Additionally, the Company began divesting low margin and
unprofitable programs across all of the Precision Components
Group. This process is expected to continue in fiscal fourth
quarter of 2019.
Fiscal third quarter 2019 Gross Deficit was $(0.2) million,
compared to a gross margin of $1.7 million in our fiscal third
quarter 2018. The decrease in gross profit is related to an
initial increase in staffing early in fiscal year 2019 as well as
the aforementioned decline in plastics sales and a significant
labor reduction. The Precision Components Group, mainly
through the ARC Colorado facility, has implemented a plan to reduce
costs by $7.1 million on an annualized basis beginning in March
2019. This plan included cancelling certain operating leases,
building leases, increased spending controls, and a labor reduction
of approximately 32% of the workforce. Additionally, the
Company started and will continue adjusting pricing or divesting
unprofitable business programs to reduce the level of fixed
costs. At the end of Q3 2019, the cost improvement plan was
approximately 53% completed, with approximately 91% completion
achieved at the end of April 2019.
EBITDA was $(0.4) million in the fiscal third quarter 2019
compared to $0.9 million in the fiscal second quarter 2018.
Like Gross Profit, EBITDA was negatively impacted by the decreased
revenues, and staffing increases early in the quarter.
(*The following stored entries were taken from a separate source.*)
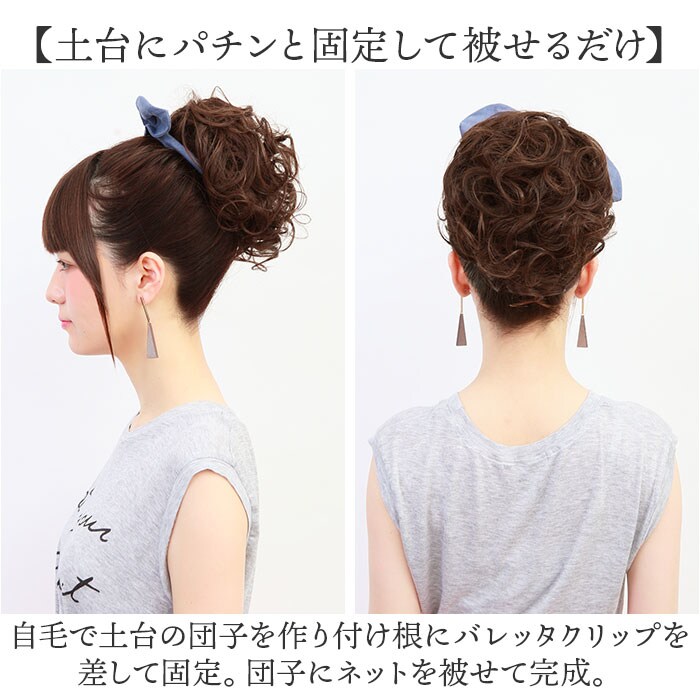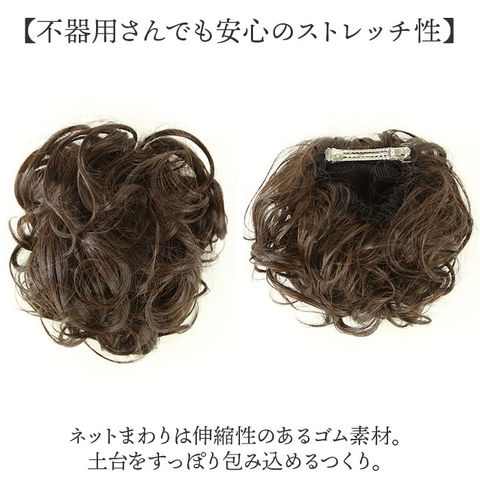 | 商品説明 | 【一瞬で手軽にスタイルチェンジ】バレッタでワンタッチ!ボリュームをプラスする「プリシラ バレッタウィッグ」。【土台にパチンと固定して被せるだけ】自毛で土台の団子を作り付け根にバレッタクリップを差して固定。団子にネットを被せて完成。【不器用さんでも安心のストレッチ性】ネットまわりは伸縮性のあるゴム素材。土台をすっぽり包み込めるつくり。【挑戦しやすいシンプルカール】高めのお団子や、低い位置でのまとめ髪に。ややエッジの効いたカールはミセスにもぴったり。【人毛のような自然な仕上がりを実現】国内メーカー製耐熱ファイバー100%。凹凸加工を施し、ツヤを軽減。【ヘアアイロンなどの使用も自由に】耐熱性があるので、コテやヘアアイロンの使用も可能。(※)耐熱温度は180度、適正温度は130~150度です。 |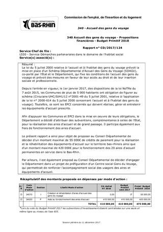 340 Accueil des gens du voyage - Propositions financières - Budget Primitif 2018
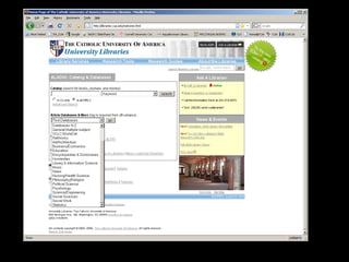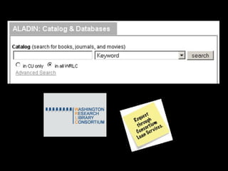 This document provides information and resources for students conducting research, including an overview of the research process from topic selection to drafting and revising. It also lists the libraries that participate in the Consortium of Universities of the Washington Research Library Consortium (WRLC) and provides contact information for a librarian, Kimberly Hoffman, and her assistant, Michelle Bolger, for students needing research help or having questions.

Fiscal YTD 2019 Revenues was $61.3 million, compared to $57.6
million for fiscal YTD 2018. The increase in revenue was
primarily driven by higher MIM and plastics sales during fiscal
2019 as compared to fiscal 2018, as well as the continued
improvement in the firearms and defense industry during fiscal 2019
due to the sales decline in the industry noted during the first
part of 2018.
Gross Profit was $4.4 million YTD 2019 compared to $2.6 million
for YTD 2018. The increase in gross profit was due to the
increase in sales, cost reduction initiatives, and the continued
diversification into aerospace and medical industries, which
historically have higher profit margins.
EBITDA was $2.9 million for YTD 2019, compared to $(0.1) for YTD
2018. The increase in EBITDA is due to the cost reduction
initiatives and diversification, as noted above.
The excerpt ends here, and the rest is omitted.